Gli atti giuridici dell’UE i regolamenti: hanno una portata generale, sono obbligatori in tutti i loro elementi e direttamente applicabili; le direttive: sono indirizzate agli Stati membri (al singolo Stato o a tutti gli Stati), non sono obbligatorie in tutti i loro elementi, in quanto vincolano i destinatari solo riguardo al risultato da raggiungere, lasciando alla loro discrezione la scelta dei mezzi e della forma; le decisioni: sono obbligatorie in tutti i loro elementi, se designano i destinatari sono obbligatorie solo nei confronti di questi; le raccomandazioni e i pareri non sono vincolanti per i loro destinatari.
La distinzione tra atti legislativi e atti non legislativi dipende dalla procedura adottata per la loro emanazione: l’art. 289, par. 3, TFUE, indica che gli atti adottati mediante procedura legislativa sono atti legislativi. Gli atti adottati mediante procedura legislativa ordinaria o speciale sono i regolamenti, le direttive e le decisioni. Tra gli atti non legislativi rientrano gli atti delegati (integrano elementi di un atto legislativo) e gli atti di esecuzione (di competenza della Commissione).
I regolamenti (art. 288 TFUE). Sono atti: a portata generale: presentano il carattere dell’astrattezza, in quanto non si rivolgono a destinatari determinati. I destinatari sono tutti i soggetti giuridici dell’UE; obbligatori in tutti i loro elementi: le norme poste sono destinate a disciplinare la particolare materia e vanno osservate come tali dai destinatari; direttamente applicabili in ciascuno degli Stati membri: acquistano efficacia senza la necessità di un atto di ricezione o di adattamento da parte dei singoli ordinamenti statali.
Le direttive (art. 288 TFUE).
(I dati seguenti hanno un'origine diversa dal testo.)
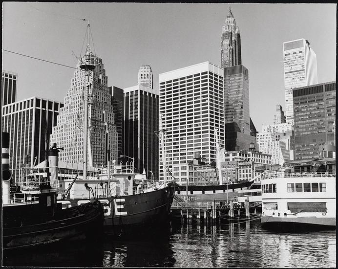 [View of Lower Manhattan skyline from the South Street Seaport.]

Esse vincolano lo Stato membro (o gli Stati membri) cui sono rivolte per quanto riguarda il risultato da raggiungere, senza incidere sulla competenza degli organi nazionali in merito alla forma e ai mezzi necessari a raggiungere tale risultato.
non hanno portata generale, ma hanno come destinatari gli Stati membri; non sono obbligatorie in tutti i loro elementi, in quanto impongono un’obbligazione di risultato, lasciando liberi gli Stati di adottare le misure dagli stessi ritenute opportune; secondo la Corte di Giustizia, gli Stati devono però scegliere le forme e i mezzi più idonei a garantire la reale efficacia delle direttive, alla luce dello scopo di queste ultime (devono essere atti vincolanti, chiari e certi) non hanno efficacia diretta, in quanto essa è mediata attraverso i provvedimenti che gli Stati andranno concretamente ad adottare.
Nella prassi dell’Unione è sempre più frequente il ricorso a direttive dettagliate o particolareggiate (c.d. self-executing), le quali indicano con precisione le norme interne che gli Stati sono tenuti ad adottare: la discrezionalità dello Stato si riduce soltanto alla scelta della forma giuridica interna da dare alla norma già fissata sul piano europeo.
Sotto il profilo delle misure nazionali di attuazione delle direttive, queste devono essere adottate entro il termine fissato dalla stessa direttiva: in caso di inosservanza, gli Stati membri commettono una violazione che può dar luogo a una procedura di infrazione, oltre che al risarcimento dei danni.
Le decisioni (art. 288 TFUE). Sono obbligatorie in tutti i loro elementi e, se designano i destinatari, obbligatorie solo nei confronti di questi. Sono adottate solitamente nell’ambito della disciplina sulla concorrenza.
Gli atti non vincolanti (art. 288 TFUE). raccomandazioni (art. 292 TFUE): il potere generale di adottarle spetta al Consiglio; pareri (art. 292 TFUE): il potere generale di adottarli spetta al Parlamento europeo. La distinzione tra i due atti concerne le finalità: la raccomandazione ha lo scopo di sollecitare il destinatario a tenere un determinato comportamento, considerato più rispondente agli interessi comuni; il parere tende a fissare il punto di vista dell’istituzione che lo emette in ordine a una specifica questione.
Gli atti atipici. Sono atti non vincolanti, emanati dalle istituzioni, che non rientrano tra quelli indicati nell’art. 288 TFUE: regolamenti interni; accordi interistituzionali; dichiarazioni comuni; codici di condotta; orientamenti generali; libri verdi e libri bianchi.